Llevo días intentando escribir esta historia, pero no puede salir. Está ahí, atorada en las yemas de mis dedos y no se deja escribir. Hice de todo para que saliera, no crean que me quedé inerte: me lavé las manos con agua y jabón; dejé de lavarlas durante días; levanté objetos pesados fingiendo que no me interesaba más; toqué el piano sin saber tocar; acaricié un gato color naranja; me llené los bolsos de los pantalones de canicas de vidrio de muchos colores y fui a lanzarlas en un parque; junté las puntas de mis dedos como hacía un psicoanalista judío argentino cada vez que yo le contaba un sueño; me corté las uñas para que no hicieran ruido en el teclado.
Nada funcionó.
Entonces renuncié a escribir.
Hice otras cosas, vi una película muy divertida con Johnny Depp y Gwyneth Paltrow, y después de días finalmente me olvidé de esta historia.
Y como siempre pasa, justo cuando piensas que la historia se fue, ella volvió y se dejó escribir.
No es una historia particularmente bonita, me la contó un monje tibetano una vez que estaba haciendo un viaje de estudio en Roma. Nos conocimos en el jardín de los naranjos, un jardincito hermoso donde me gusta ir a ver el panorama de mi ciudad cada vez que vuelvo a mi tierra.
El monje acababa de ver San Pietro, el Coliseo, el Circo Massimo, y le parecía tan bonita la ciudad que casi se le había olvidado la razón de su viaje.

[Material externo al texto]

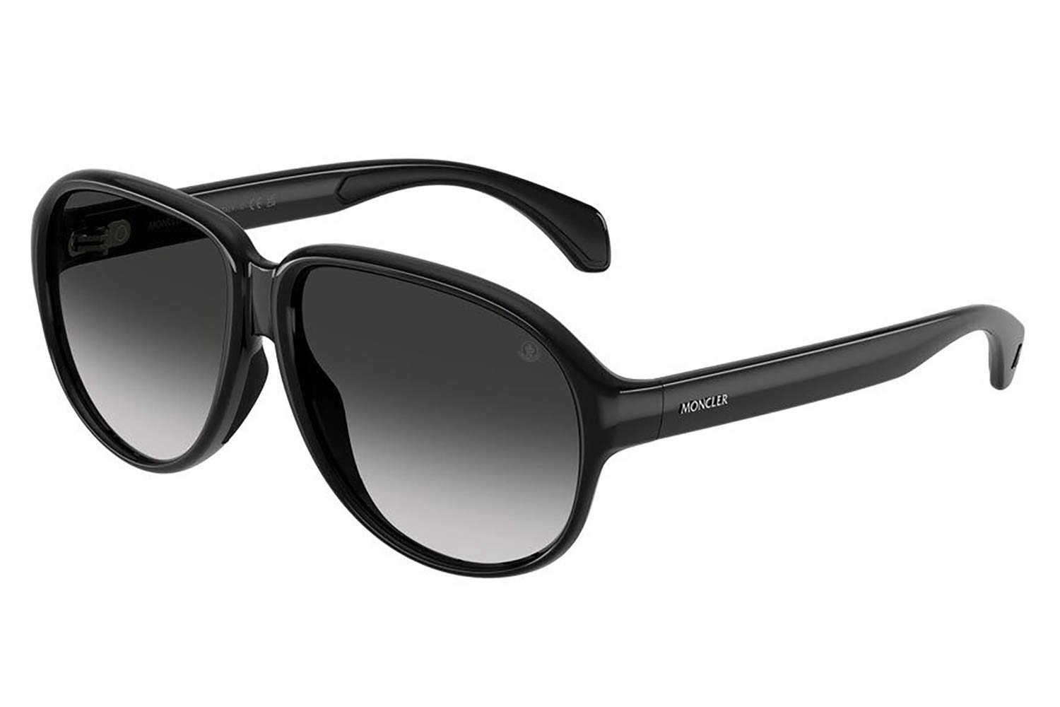 60 Moncler 8001 HALCYONNE 50013C 60, Aviator σκελετός Injected, Μαύρο, Black Shiny Black, φακοί Ανοιχτό Γκρι Ντεγκραντέ Μαύρο Βιολογικό Πολυαμίδιο - Light Grey Gradient Black, Unisex, Full Rim, High Bridge Fit γυαλιά ηλίου Unisex

Así, frente al río Tíber y a los monumentos de la ciudad, en la terraza del jardín de los naranjos me contó una historia que ahora finalmente mis dedos decidieron compartir con ustedes.
En un pueblo en medio del bosque, en las lejanas montañas del Tíbet, un hombre había perdido su hacha y empezó a sospechar del hijo de su vecino. El joven caminaba como un ladrón, tenía el aspecto de un ladrón e incluso cuando hablaba, hablaba como lo hacen los ladrones. Así que el hombre no tenía dudas al respecto. Tenía que ser él. Estaba a punto de ir con un bastón a darle una lección al joven, cuando encontró su hacha mientras layaba en el campo.
Sintió vergüenza por haber culpado al joven inocente, pero a la vez alegría por haber evitado un error más grande y sobre todo por haber encontrado su preciada hacha. Y la primera vez que volvió a ver al hijo de su vecino, el joven caminaba, tenía el aspecto y hablaba como cualquier otro joven.
Cuando acabó su historia, el monje tibetano me pidió que le tomara una foto con el panorama, y se fue.
Yo me quedé pensando en la moraleja y me pareció entenderla.
Sin embargo, cuando intentaba escribir la historia, ella se rehusaba a dejarse contar. Hasta el día de hoy, que había olvidado que quería contarla.
(Si me preguntan qué iba a estudiar el monje tibetano en la ciudad de Roma es porque no se han concentrado en la enseñanza de su historia y pues no tienen mucho remedio).